PDQ Bach classics: he drops into the stage via a rope, plays the wine bottle with such virtuosity that he's in a stupor before the end of the designated piece, commentates on one of the great plays of the century, and drives the orchestra away from its seats in sheer terror. The most tragic waste of a Juilliard education in the history of music, Peter Schickele makes even Florence Foster Jenkins look good.


----------



## Pieck (Jan 12, 2011)

I was at a CD store and saw a DVD of Brendel plays Schubert. Why would I buy it on DVD? Do I need to watch his fingers while listening to it?

I watched that today:








was an unique experience


----------



## Weston (Jul 11, 2008)

World Violist said:


> I'll start at the absolute low point possible; it only goes uphill from here, folks.


Now, let's not be too harsh.

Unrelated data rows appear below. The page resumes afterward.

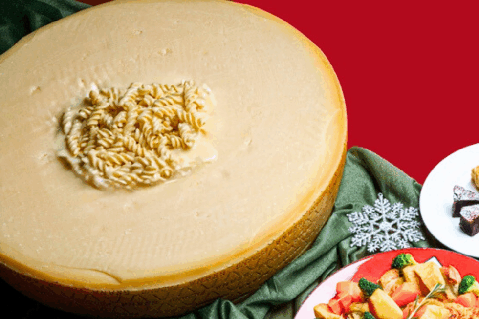 ◆クリスマスマーケットフェアの主役、巨大パルメザンチーズで作るクリームパスタ。濃厚で滑らかな味わいが特徴で、冬の贅沢なひとときを彩ります。
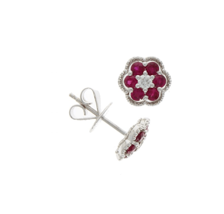 18ct White Gold Ruby & Diamond Flower Earrings
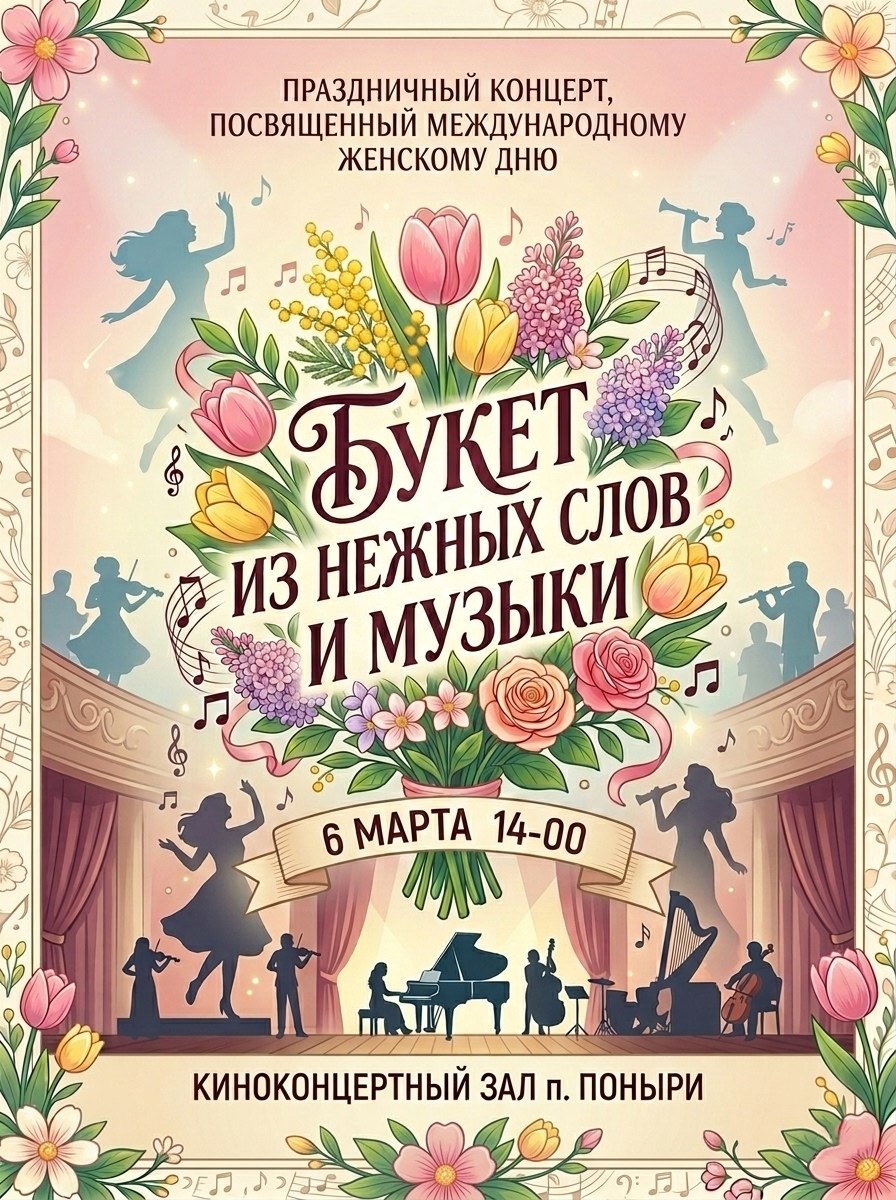 С приходом весны коллектив центра культуры и досуга подготовил особое мероприятие- встречу под названием «Букет из нежных слов и музыки», которая состоится 6 марта в 14:00 в Киноконцертном зале посёлка Поныри.
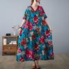 Летнее свободное платье большого размера в китайском стиле с V-образным вырезом, контрастное хлопковое льняное платье с короткими рукавами, утягивающее, средней длины, для женщин, платья
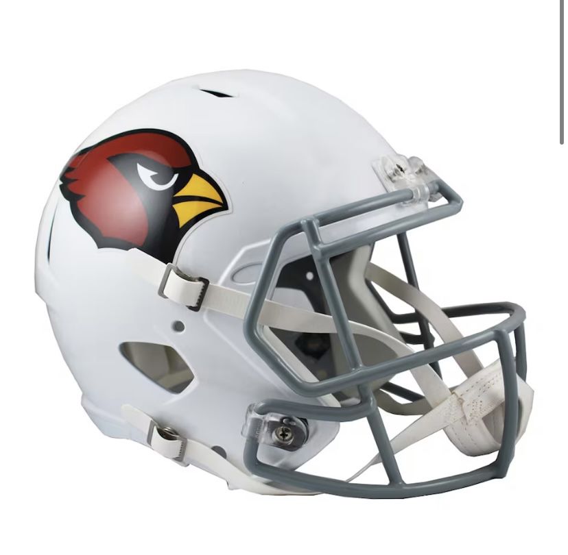 The full size Riddell replica Revolution Speed helmet is made of plastic. It features a steel polyvinyl-coated face mask, 4-pt chin strap and elliptical air vents. Team logo decals are displayed on the shell. This helmet is not for competitive play. Officially licensed by the National Football League.
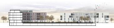 The former TÜV grounds in Münster shall be developed on 11.270 m² with energy efficient, high quality and inexpensive flats with balconies and terraces, with all flats planned to be barrierfree. The program comprises: 95 publicly subsidized flats, 78 owner-occupied flats, Daycare centre for children for 4 groups, 715 m², Shared flats for homeless people 60+, 400 m².
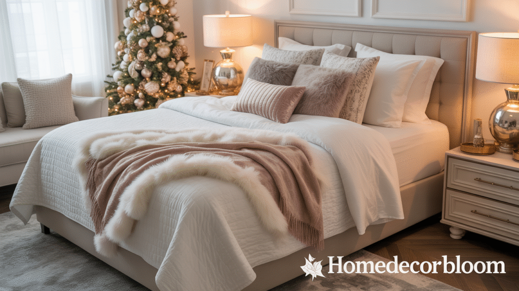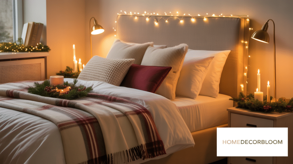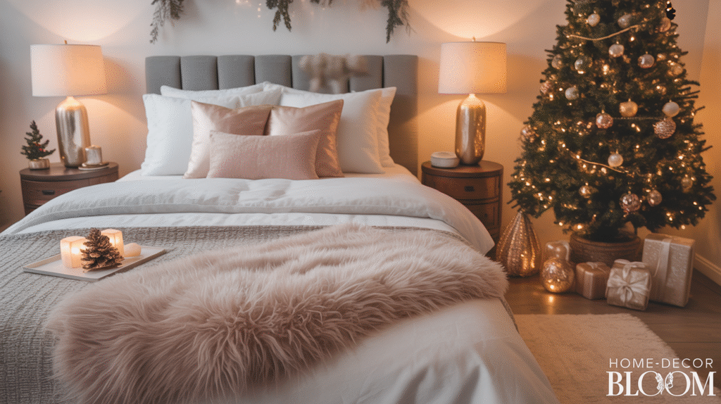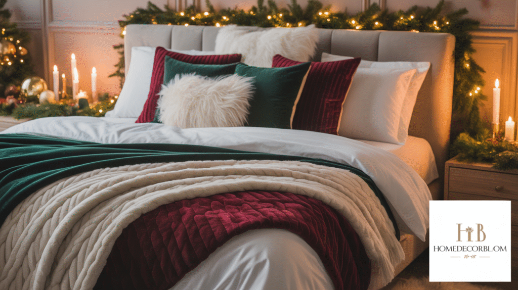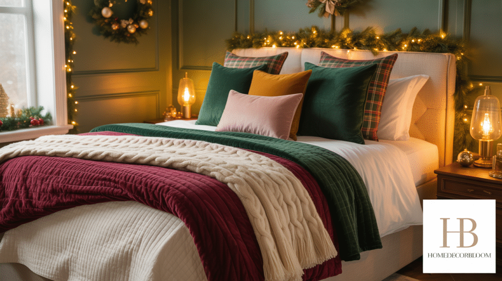 Layering different cozy materials is one of the best ways to elevate your Christmas guest room and make it feel instantly warm, comfortable, and festive. Soft textures not only enhance comfort but also create a welcoming atmosphere your visitors will love — a key element in any well-designed cozy Christmas room ideas setup.
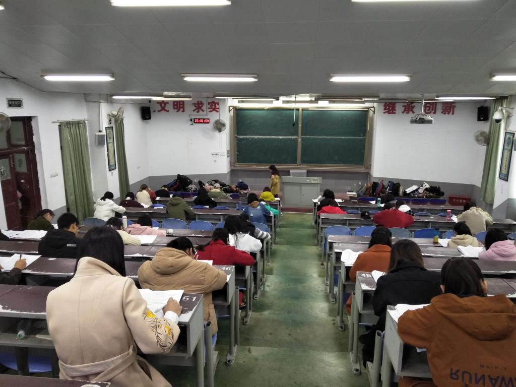 考试开始前,考生们按照学号迅速坐好位置,班委及学生会干部进行督促。各班班委向考生们发完试卷之后考试正式开始,考场工作人员不进行巡堂,考生埋头做题并自觉在考试结束后将试卷放在讲台自动离开考场。15、16、17级期中考试均未发生舞弊现象,"无人监考“顺利进行。
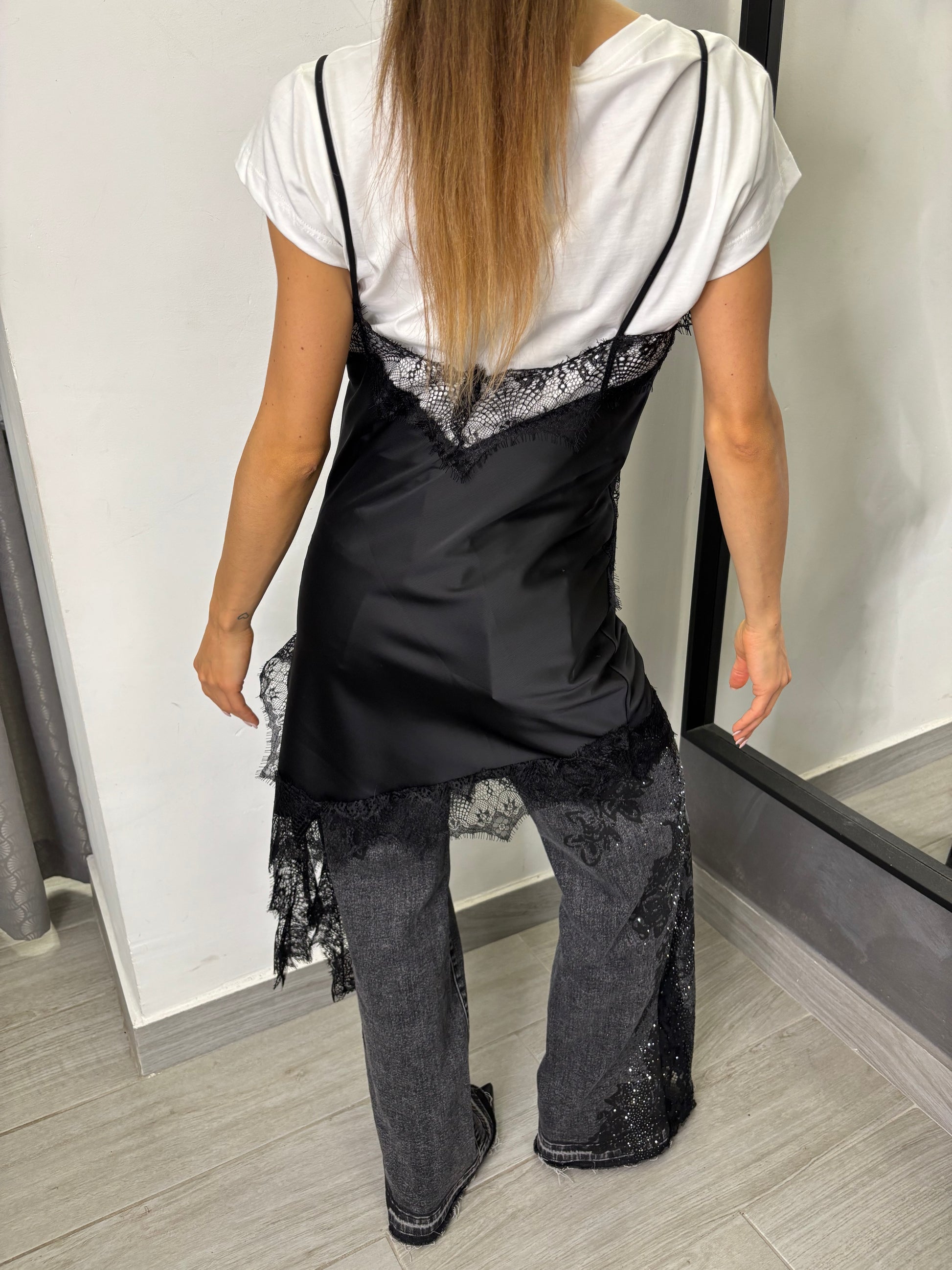 Abito in tessuto simil saten con inserti in pizzo. Taglia unica veste fino ad una 44. Composizione 100% poliestere

I confess while on the verge of dozing off I almost enjoyed the Unbegun Symphony the most on this disc. I even endured it a couple of times trying to figure out all the stolen -- I mean "borrowed" passages.


----------



## tdc (Jan 17, 2011)

I'm currently watching the DvD of St. Matthews Passion that came with my complete J.S. Bach on the Brilliant Classics label. 

Rogers Covey-Crump tenor (Evangelist)
Michael George bass (Christus)
Emma Kirkby soprano
Michael Chance alto
Martyn Hill tenor
David Thomas bass
Choir of King's College, Cambridge
Choir of Jesus College, Cambridge
Brandenburg Consort leader Roy Goodman
Stephen Cleobury


----------



## World Violist (May 31, 2007)

Brilliant document of Mitropoulos conducting a rehearsal... without a score.


----------